> _Records for the exercise_:
══════════
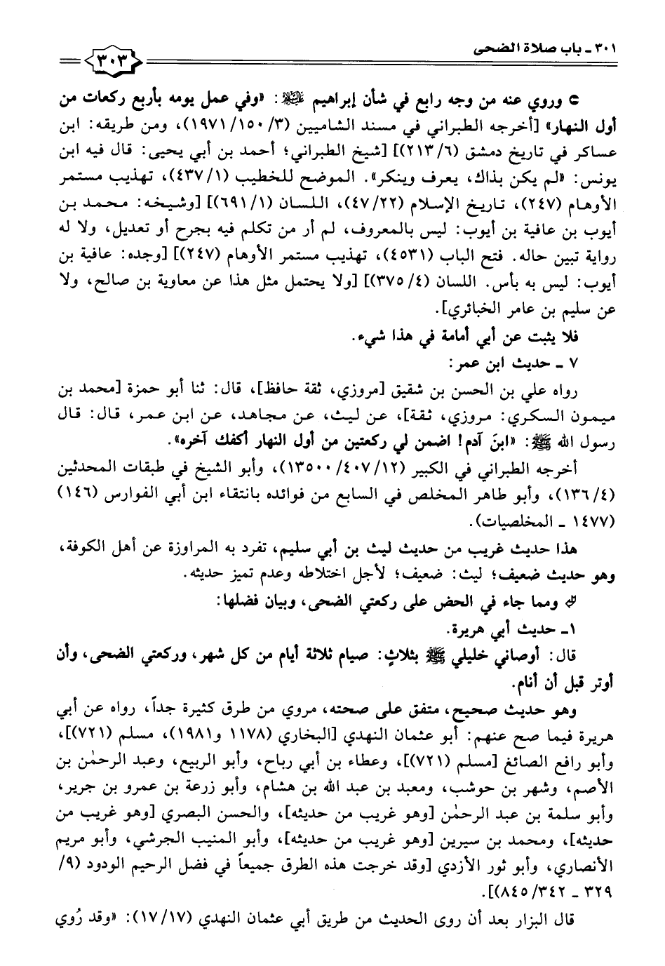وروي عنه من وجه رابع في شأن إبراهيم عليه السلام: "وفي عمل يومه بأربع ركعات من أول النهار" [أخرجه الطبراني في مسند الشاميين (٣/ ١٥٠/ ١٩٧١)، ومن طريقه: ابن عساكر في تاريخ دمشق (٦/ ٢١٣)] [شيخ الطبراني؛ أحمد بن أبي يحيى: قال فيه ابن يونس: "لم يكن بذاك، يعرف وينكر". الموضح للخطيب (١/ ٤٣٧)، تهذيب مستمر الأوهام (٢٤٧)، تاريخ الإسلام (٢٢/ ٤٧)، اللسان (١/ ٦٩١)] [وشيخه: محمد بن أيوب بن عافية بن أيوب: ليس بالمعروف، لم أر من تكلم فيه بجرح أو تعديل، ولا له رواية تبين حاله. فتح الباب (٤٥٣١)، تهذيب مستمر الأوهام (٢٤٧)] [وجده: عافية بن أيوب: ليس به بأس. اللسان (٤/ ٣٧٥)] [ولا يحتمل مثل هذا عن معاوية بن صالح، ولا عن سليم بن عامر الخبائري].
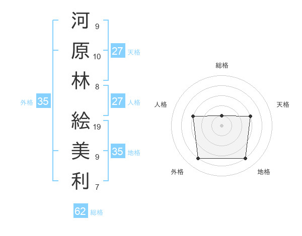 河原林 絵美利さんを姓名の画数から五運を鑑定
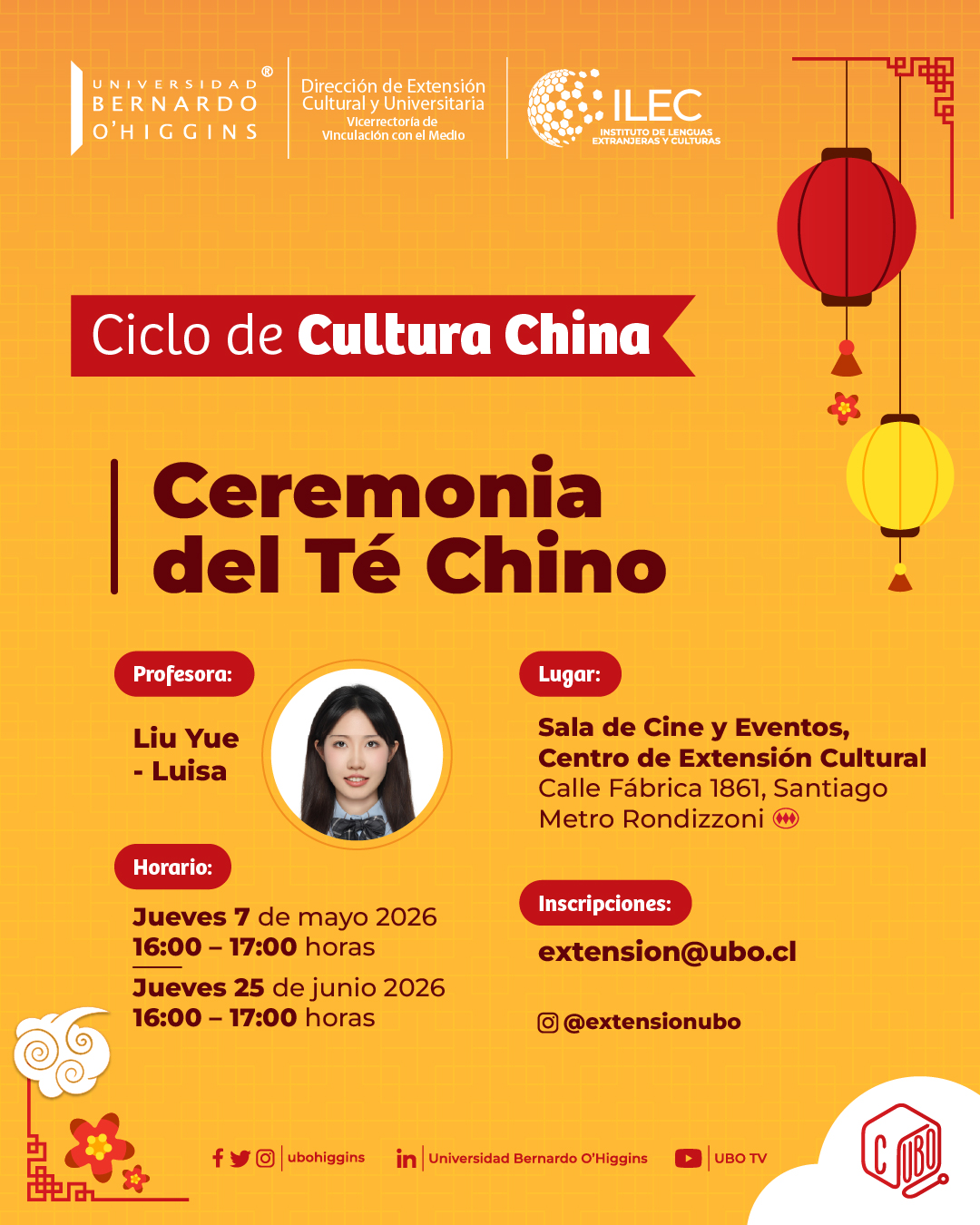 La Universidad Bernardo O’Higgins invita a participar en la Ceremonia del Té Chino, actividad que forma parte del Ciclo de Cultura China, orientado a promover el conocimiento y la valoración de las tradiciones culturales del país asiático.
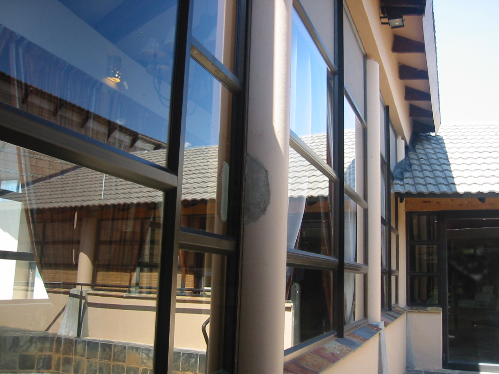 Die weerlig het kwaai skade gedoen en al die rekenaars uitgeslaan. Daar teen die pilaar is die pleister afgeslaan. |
══════════
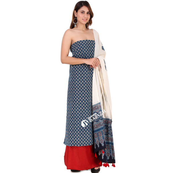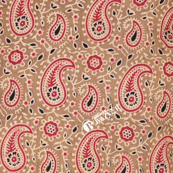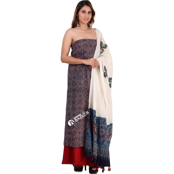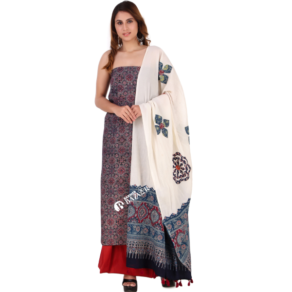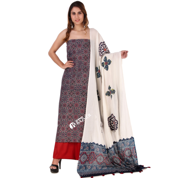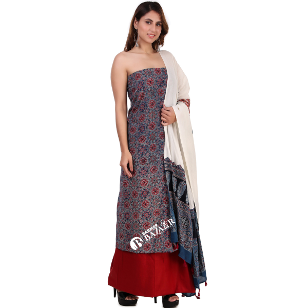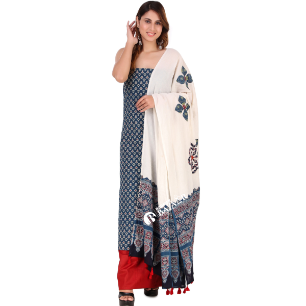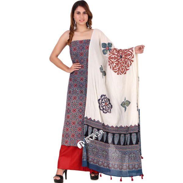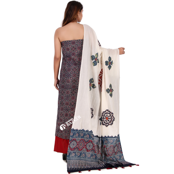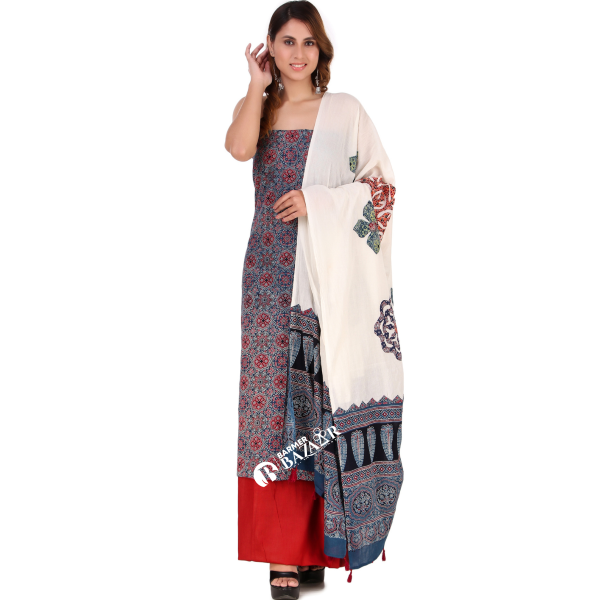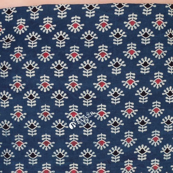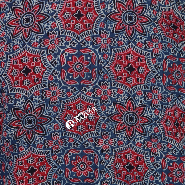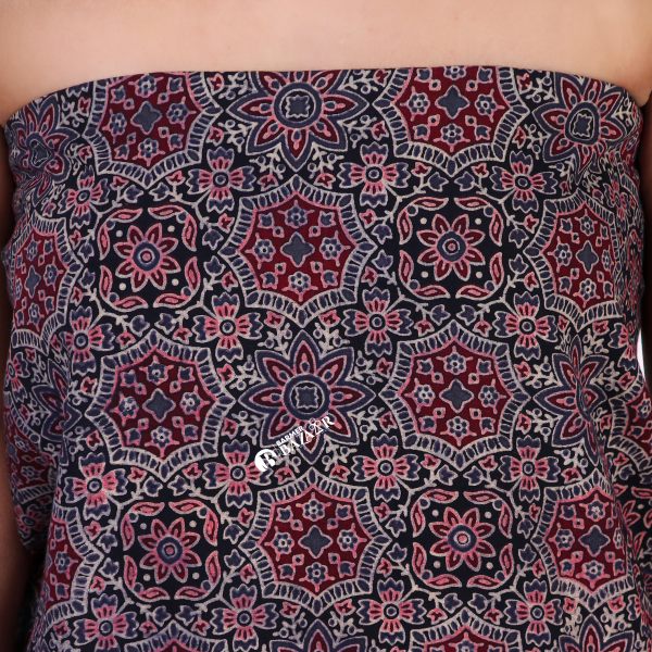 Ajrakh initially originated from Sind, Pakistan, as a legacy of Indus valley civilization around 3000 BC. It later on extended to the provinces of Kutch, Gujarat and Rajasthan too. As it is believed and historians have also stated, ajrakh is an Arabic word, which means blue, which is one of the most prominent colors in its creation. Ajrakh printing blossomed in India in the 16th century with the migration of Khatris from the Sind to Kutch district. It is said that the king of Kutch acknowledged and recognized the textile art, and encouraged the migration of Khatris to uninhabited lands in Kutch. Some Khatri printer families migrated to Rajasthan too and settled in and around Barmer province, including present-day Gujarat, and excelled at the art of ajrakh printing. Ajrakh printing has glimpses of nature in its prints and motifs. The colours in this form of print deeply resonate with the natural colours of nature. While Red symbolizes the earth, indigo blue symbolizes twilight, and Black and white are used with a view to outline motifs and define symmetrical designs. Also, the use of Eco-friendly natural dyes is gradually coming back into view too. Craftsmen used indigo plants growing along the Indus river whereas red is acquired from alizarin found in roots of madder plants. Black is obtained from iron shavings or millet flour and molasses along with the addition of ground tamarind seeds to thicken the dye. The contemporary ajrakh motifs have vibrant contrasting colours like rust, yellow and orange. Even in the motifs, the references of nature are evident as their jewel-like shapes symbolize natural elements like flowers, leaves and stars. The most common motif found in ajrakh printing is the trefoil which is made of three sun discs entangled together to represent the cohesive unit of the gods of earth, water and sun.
══════════
> _Aim of the exercise_:
Only the lines above from the one containing "وروي عنه من" through the one containing "Die weerlig het" should be returned, verbatim and inclusive, with pictures excluded.

> _Completed exercise_:
وروي عنه من وجه رابع في شأن إبراهيم عليه السلام: "وفي عمل يومه بأربع ركعات من أول النهار" [أخرجه الطبراني في مسند الشاميين (٣/ ١٥٠/ ١٩٧١)، ومن طريقه: ابن عساكر في تاريخ دمشق (٦/ ٢١٣)] [شيخ الطبراني؛ أحمد بن أبي يحيى: قال فيه ابن يونس: "لم يكن بذاك، يعرف وينكر". الموضح للخطيب (١/ ٤٣٧)، تهذيب مستمر الأوهام (٢٤٧)، تاريخ الإسلام (٢٢/ ٤٧)، اللسان (١/ ٦٩١)] [وشيخه: محمد بن أيوب بن عافية بن أيوب: ليس بالمعروف، لم أر من تكلم فيه بجرح أو تعديل، ولا له رواية تبين حاله. فتح الباب (٤٥٣١)، تهذيب مستمر الأوهام (٢٤٧)] [وجده: عافية بن أيوب: ليس به بأس. اللسان (٤/ ٣٧٥)] [ولا يحتمل مثل هذا عن معاوية بن صالح، ولا عن سليم بن عامر الخبائري].
 河原林 絵美利さんを姓名の画数から五運を鑑定
 La Universidad Bernardo O’Higgins invita a participar en la Ceremonia del Té Chino, actividad que forma parte del Ciclo de Cultura China, orientado a promover el conocimiento y la valoración de las tradiciones culturales del país asiático.
 Die weerlig het kwaai skade gedoen en al die rekenaars uitgeslaan. Daar teen die pilaar is die pleister afgeslaan. |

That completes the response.